Selain Mikael, KPK juga memeriksa empat saksi lain dari sektor BUMN, perbankan, dan properti. Mereka adalah Komang Susyawati, Lusi Kusuma Dewi, IIta Sari Mutiana, dan Nurlia Lulu Fitriiyani.
Jubir KPK, Budi Prasetyo mengatakan, pemeriksaan juga mencakup program peningkatan pelayanan kedinasan. “KPK menjadwalkan pemeriksaan saksi terkait dugaan suap Dana Penunjang Operasional Kepala Daerah Papua,” kata Budi di Jakarta, Selasa (14/10/2025).
Penyidik, lanjut dia, akan mengonfirmasi aliran dana dan transaksi mencurigakan kepada para saksi tersebut. Fokus utama adalah membongkar potensi korupsi yang melibatkan dana operasional senilai triliunan rupiah.
Sebelumnya, KPK membuka penyidikan atas dugaan korupsi dana operasional kepala daerah Papua. Nilai kerugian negara dari program ini ditaksir mencapai Rp1,2 triliun dalam periode 2020–2022.
“Kami mendalami penggelembungan dan penyalahgunaan anggaran senilai Rp1,2 triliun di lingkungan Pemprov Papua,” ujar Budi.
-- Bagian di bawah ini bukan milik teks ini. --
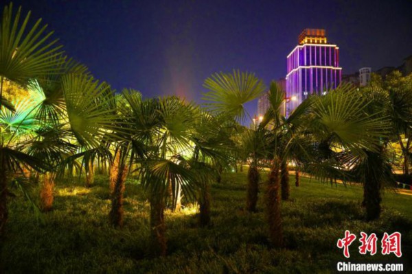 临汾市区路边的棕榈树。 临汾市城市管理局供图

Ia menyebut penyidikan dilakukan secara bertahap berdasarkan bukti dan saksi yang ada.
Ia mengatakan, dua nama sudah ditetapkan sebagai tersangka dalam kasus ini. Mereka adalah Dius Enumbi dan Lukas Enembe, mantan Gubernur Papua yang telah meninggal dunia.
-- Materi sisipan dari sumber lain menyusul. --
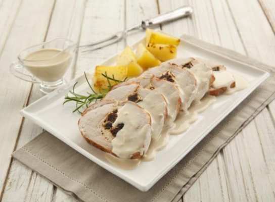 – Na mesma panela, com o caldo da cocção, adicione o restante do creme de queijo, misturando bem para homogeneizar o molho, e deixe até levantar fervura. Espalhe o molho sobre o lombo e sirva em seguida, acompanhado de batatas ao forno.
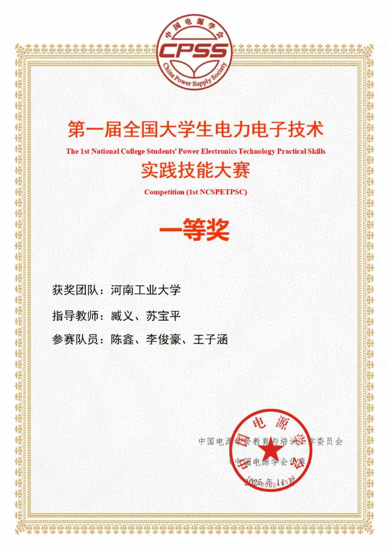 11月30日,第一届全国大学生电力电子技术实践技能大赛决赛在西安交通大学圆满收官。我校电气工程学院电气工程及其自动化专业学子不负众望,在臧义、苏宝平两位老师的悉心指导下,凭借扎实的专业功底和出色的实践能力,一举斩获全国一等奖,更以一等奖第一名的优异成绩摘得大赛最高荣誉“实践杯”。

“DE sebagai bendahara pengeluaran dan LE sebagai Gubernur Papua bersama-sama dalam perkara ini,” ujar Budi. Keduanya diduga memiliki peran besar dalam pengaturan dana tersebut.
KPK juga memeriksa seorang saksi dari penyedia jasa money changer di Jakarta. Tujuannya adalah melacak aliran uang yang digunakan untuk menyamarkan dana hasil korupsi.
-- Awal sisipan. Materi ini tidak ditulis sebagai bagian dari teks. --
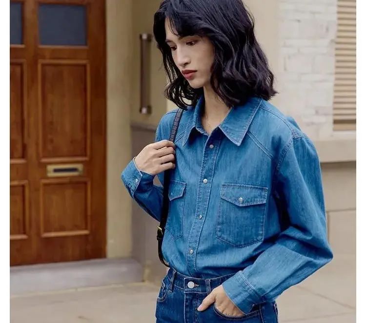 这款HeyDress复古法式牛仔衬衫材质严选了棉和聚酯纤维的混纺面料,耐磨又抗皱,还自带微光泽和牛仔肌理感,特别显品质。

Ia mengatakan, proses ini bagian dari strategi asset recovery yang menjadi prioritas lembaga. “Kami menelusuri aset dan transaksi mencurigakan guna mendukung proses pemulihan kerugian negara,” ujar Budi.
Menurut KPK, uang senilai Rp1,2 triliun sangat besar bagi pembangunan Papua. “Dana sebesar itu bisa digunakan membangun sekolah, puskesmas, dan rumah sakit,” ucapnya.
Kasus ini berkaitan dengan dana operasional mantan Gubernur Papua Lukas Enembe yang mencapai Rp1 triliun per tahun. Dalam sehari, Lukas Enembe menggunakan dana operasional atau uang makan itu sebesar Rp 1 miliar.
Alokasi dana fantastis itu telah dirancang sedemikian rupa oleh Lukas. Ia disebut telah membuat Peraturan Gubernur (pergub) agar tindakan itu terkesan legal.
“Itu yang kemarin disampaikan Pak Alex (Wakil Ketua KPK) bahwa dibuatlah Pergub sehingga itu tidak kelihatan. Jadi dia disembunyikan, dibuat peraturannya dulu sehingga itu menjadi legal, padahal nanti masuknya ke bagian makan dan minum,” kata Pelaksana tugas Deputi Penindakan KPK Asep Guntur Rahayu, Jumat (27/6/2025).
Lukas Enembe sengaja membuat peraturan gubernur (pergub) yang memuluskan rencana pengucuran dana operasional sebesar Rp1 triliun per tahun. Melalui pergub itu, Lukas mampu mengelabui pengawasan dari Kementerian Dalam Negeri.